Sync with successful MinHash check (acceptable difference). Normal set reconciliation follows.

sequenceDiagram
  A->>B: Sample <br/> (X, Y, Count, Fingerprint, Items)
  A->>B: EndRound
  Note over B: MinHash diff <br/> is acceptable
  Note over B: Fingerprint is different from local one
  B->>A: Fingerprint <br/> (X, Y, Count, Fingerprint)
  B->>A: EndRound
  Note over A: Range fingerprint differs <br/> Choose middle point m
  A->>B: Fingerprint <br/> (X, m, Count1, Fingerprint1)
  A->>B: Fingerprint <br/> (m, Y, Count2, Fingerprint2)
  A->>B: EndRound
  Note over A, B: ... more interactions ...
  B->>A: Done

Loading

Sync with requested MinHash check and matching fingerprint and count (equal sets). No further set reconciliation is necessary.

sequenceDiagram
  A->>B: Sample <br/> (X, Y, Count, Fingerprint, Items)
  A->>B: EndRound
  Note over B: Fingerprint matches
  B->>A: Done

Loading

Recent sync with MinHash check. After receiving the message of type Recent, side B acts as if it was the initiating side in the previous case.

sequenceDiagram
  Note over A: Send recently <br/> received items
  loop
    A->>B: ItemChunk <br/> (Items)
  end
  A->>B: Recent <br/> (Since)
  A->>B: EndRound
  Note over B: Send recently <br/> received items
  loop
    B->>A: ItemChunk <br/> (Items)
  end
  Note over B: The sample is taken <br/> after consuming <br/> the recent items from A
  B->>A: Sample <br/> (X, Y, Count, Fingerprint, Items)
  B->>A: EndRound
  Note over A: MinHash diff <br/> after consuming <br/> the recent items from B <br/> is acceptable
  A->>B: Fingerprint <br/> (X, Y, Count, Fingerprint)
  A->>B: EndRound
  Note over B: Range fingerprint differs <br/> Choose middle point m
  B->>A: Fingerprint <br/> (X, m, Count1, Fingerprint1)
  B->>A: Fingerprint <br/> (m, Y, Count2, Fingerprint2)
  B->>A: EndRound
  Note over A, B: ... more interactions ...
  A->>B: Done

Loading

Probe sequence. This is used to check how peers are different from this one by the multipeer reconciliation algorithm, and does not involve the actual sync.

sequenceDiagram
  A->>B: Probe <br> (X, Y, Fingerprint, SampleSize)
  A->>B: EndRound
  B->>A: Sample <br> (X, Y, Count, Fingerprint, Items)
  B->>A: Done

Loading

Possible improvements

The following are some improvements to be considered for the set reconciler. They may need a bit more thinking before being converted to issues.

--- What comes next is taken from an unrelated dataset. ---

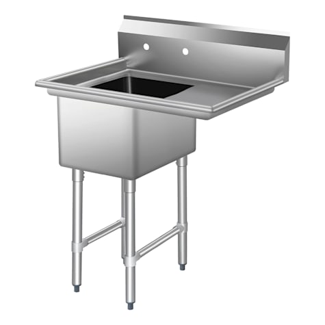 This 16-gauge heavy-duty 1-compartment sink features a spacious 16"x 20" bowl with an 18" right-side drainboard for efficient washing and drying in commercial kitchens. Built for durability and easy cleaning, it provides reliable performance for daily foodservice use while helping maintain an organized and sanitary workspace.

Redundant ItemChunk messages

Another issue is ItemChunk messages. It would be much better to receive the items (keys) in a streamed manner and just propagate them to the respective handlers immediately.

Range checksums

Right now, the set reconciliation protocol uses 12-byte fingerprints all the time. It should be possible, though, to use smaller fingerprints, e.g. 4-byte (32-bit), and mitigate the possible collisions by using checksums. One approach could be: when a range for which fingerprint has been received turns out to be synced, its fingerprint is XORed together with other such synced ranges from the same round, and the resulting checksum is sent back as full 12 bytes at the end of a new round as a part of EndRound or Done message. The other peers checks which range fingerprints went unanswered (b/c they're already synchronized), calculates the full fingerprint on its side and compares it with the one received in EndRound / Done message. If there's a mismatch, the synced range fingerprints are sent again, this time with full fingerprints. An important part of fingerprints is the need to use the lower bits of each ID and not the higher bits which tend to be the same across smaller ranges at higher recursive subdivision depths.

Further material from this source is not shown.